Три дальнейшие консультации с другими опытными адвокатами убедили меня в том, что миссис Маккласки права; завещания мне не оспорить. Только один из них, знаменитая ищейка с большими связями, сгоряча пообещал отсудить дополнительные пятьдесят тысяч, но уже на другой день пошел на попятную, сказав, что не может гарантировать даже этого. Когда на прощание он обратился ко мне с просьбой выпустить пресс-релиз о наших с ним встречах, я пригрозила, что подам в суд, если он посмеет сделать это.

Мысль о том, что Моника заграбастает все, не давала мне покоя. Остался Люциус-младший, моя последняя надежда. Как единственный сын и прямой наследник, он был наилучшим кандидатом в истцы. Вот только я понятия не имела, как он настроен, поэтому как-то утром отправилась в «Сьюард», захудалый отель на Мэдисон-авеню, где они с Ребеккой всегда останавливались из-за сравнительной дешевизны (на приглашение пожить у меня в квартире Люциус-младший ответил отказом – он не бывал там даже при жизни отца).

Номер находился на пятом этаже и был не очень уютным. Поскольку окна выходили на проезжую часть, там было еще и шумно. Стены, за давностью лет из белых ставшие серыми, служили унылым фоном для двух старомодных окон с линялыми ситцевыми занавесками. Ровное гудение ползущего по улице транспорта то и дело перемежалось пронзительными гудками и воем сирен.

Я выехала рано и застала Люциуса еще в халате, за кофе и утренней газетой. Он сообщил, что Ребекка сейчас на пробежке в Центральном парке, и был поначалу так сконфужен, что налил мне кофе в уже использованную (предположительно женой) чашку.

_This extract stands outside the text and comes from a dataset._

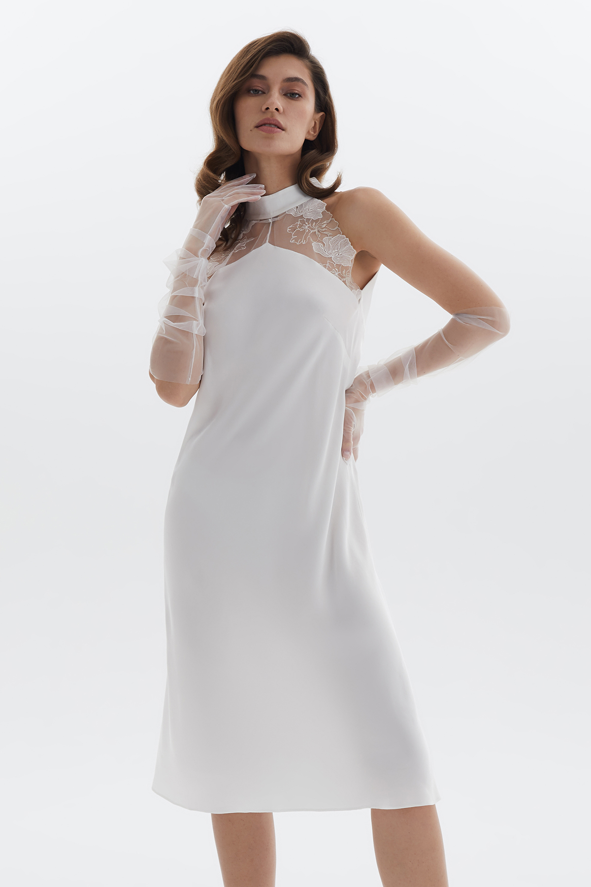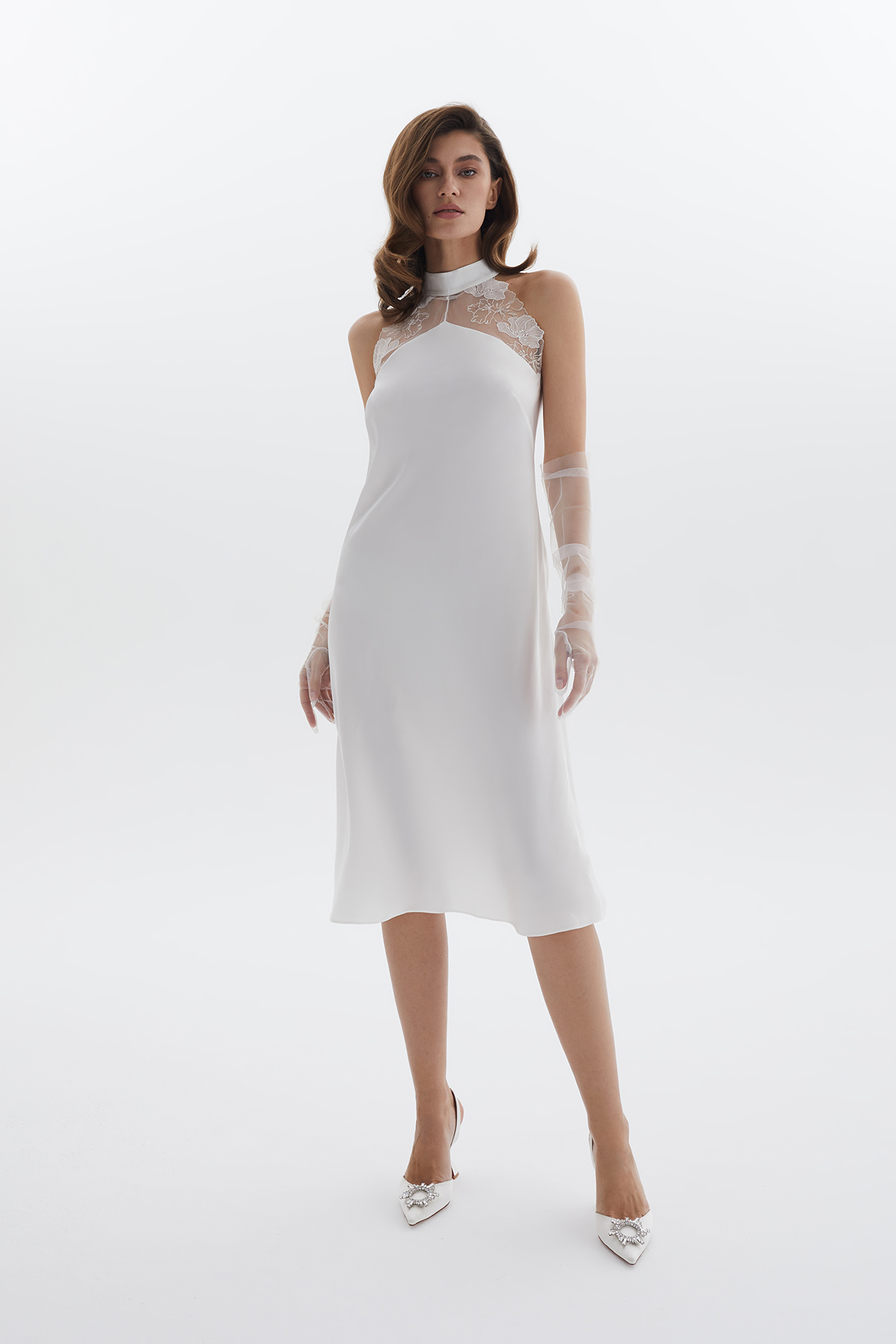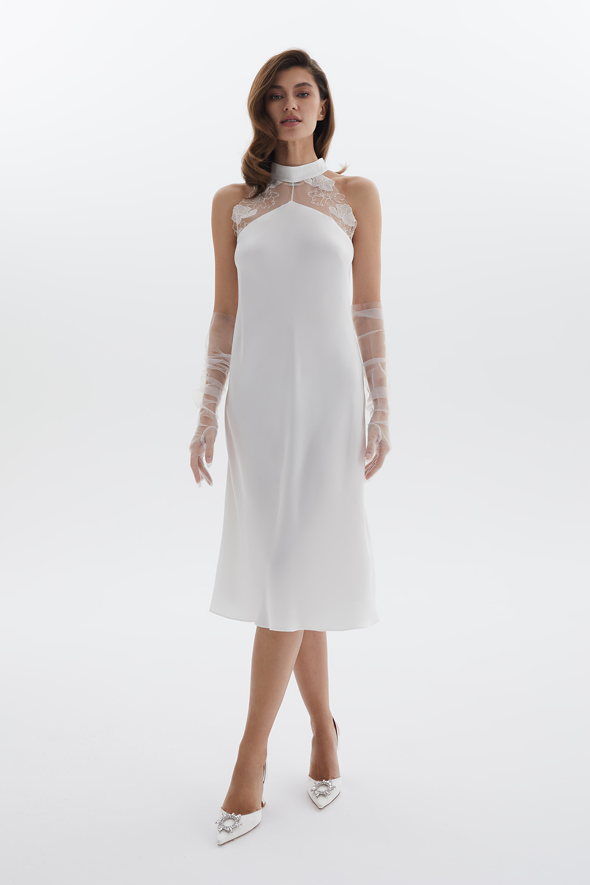 Сорочка женская из вискозы с кружевом белая лилия (61799-1)

Я во всех подробностях объяснила Люциусу ситуацию и попросила выдвинуть иск против Моники. Он слушал вполуха и все время бросал взгляды в сторону отложенной газеты. Я упорно настаивала на своем, но чем дольше говорила, тем яснее видела: Люциус-младший смирился с тем, что большая часть состояния отца уплывет в руки авантюристки.

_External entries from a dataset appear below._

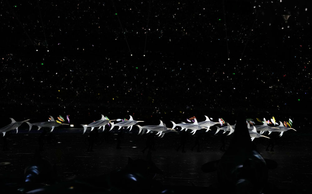 在全場(chǎng)觀眾“哇”的一聲驚嘆中,整座體育場(chǎng)化身星辰大海。騎自行車、滑輪滑、腳踩平衡車的演員們手舉海龜、鯊魚、海豚等形象魚貫而入,讓觀眾如置海底。隨后,高鐵飛馳、深海探測(cè)、火箭發(fā)射、太空行走等畫面在星海中逐一呈現(xiàn),展現(xiàn)了我國在高科技領(lǐng)域的發(fā)展成就,帶來生動(dòng)的沉浸式體驗(yàn)。
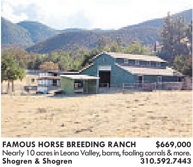 FAMOUS HORSE BREEDING RANCH $669,000 Nearly 10 acresinLeona Valley, barns,foaling corrals &more. Shogren &Shogren 310.592.7443
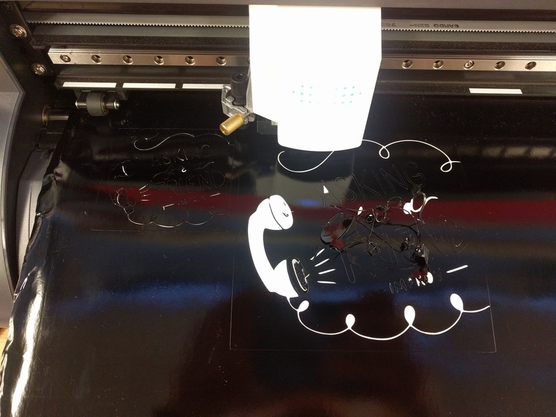 I set a six by six inch sticker to cut, and tried to weed out the parts I didn’t need. This went reasonably well, but the delicate nature of fome of the weeded elements, along with the embedded small ‘floating’ parts that I wanted to keep meant that weeding was a tedious task. I lost a few of the floating pieces in the first go, but it generally worked. I masked this smaller sticker, and kept it to try and transfer it later. I have still not put it anywhere; otherwise, I would have shown it. However, since this Tuesday was Valentine’s day, I thought it would be nice to cut out four larger stickers to give as gifts to my girlfriend’s all female Improv troop (Life has taught me how to be a good boyfriend). I cut these four stickers to be eight inches on each side, and the weeding went much better. A little masking, trimming, and I had four nice gifts to give. I have given all of these four stickers to my girlfriend. She appreciated it. I have not heard back from the rest of the troop. Perhaps I will update all of you with their feelings later…
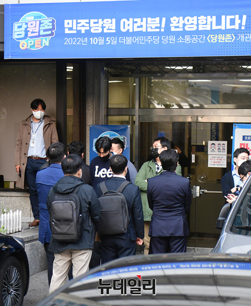 이재명 더불어민주당 대표의 최측근인 김용 민주연구원 부원장이 정치자금법 위반 혐의로 체포된 19일 서울 여의도 민주당사 건물의 민주연구원 압수수색에 나선 검찰이 민주당 당직자들과 대치하고 있다.

– Это все было подстроено, – сказала я наконец. – Моника уговорила твоего отца изменить завещание, а потом намеренно возбудила его так, что у него не выдержало сердце. Она прекрасно знала состояние его здоровья! Люциус! Даже если тебе нет дела до денег, неужели тебе безразлично, как умер отец?

Было заметно, что он сидит как на иголках. Он крошил тост и всем видом показывал, что хочет закончить разговор как можно скорее. На мой вопрос он буркнул:

– Мне все равно.

Наступила пауза. Люциус сунул в рот кусок тоста, пожевал, с трудом проглотил и запил холодными остатками кофе.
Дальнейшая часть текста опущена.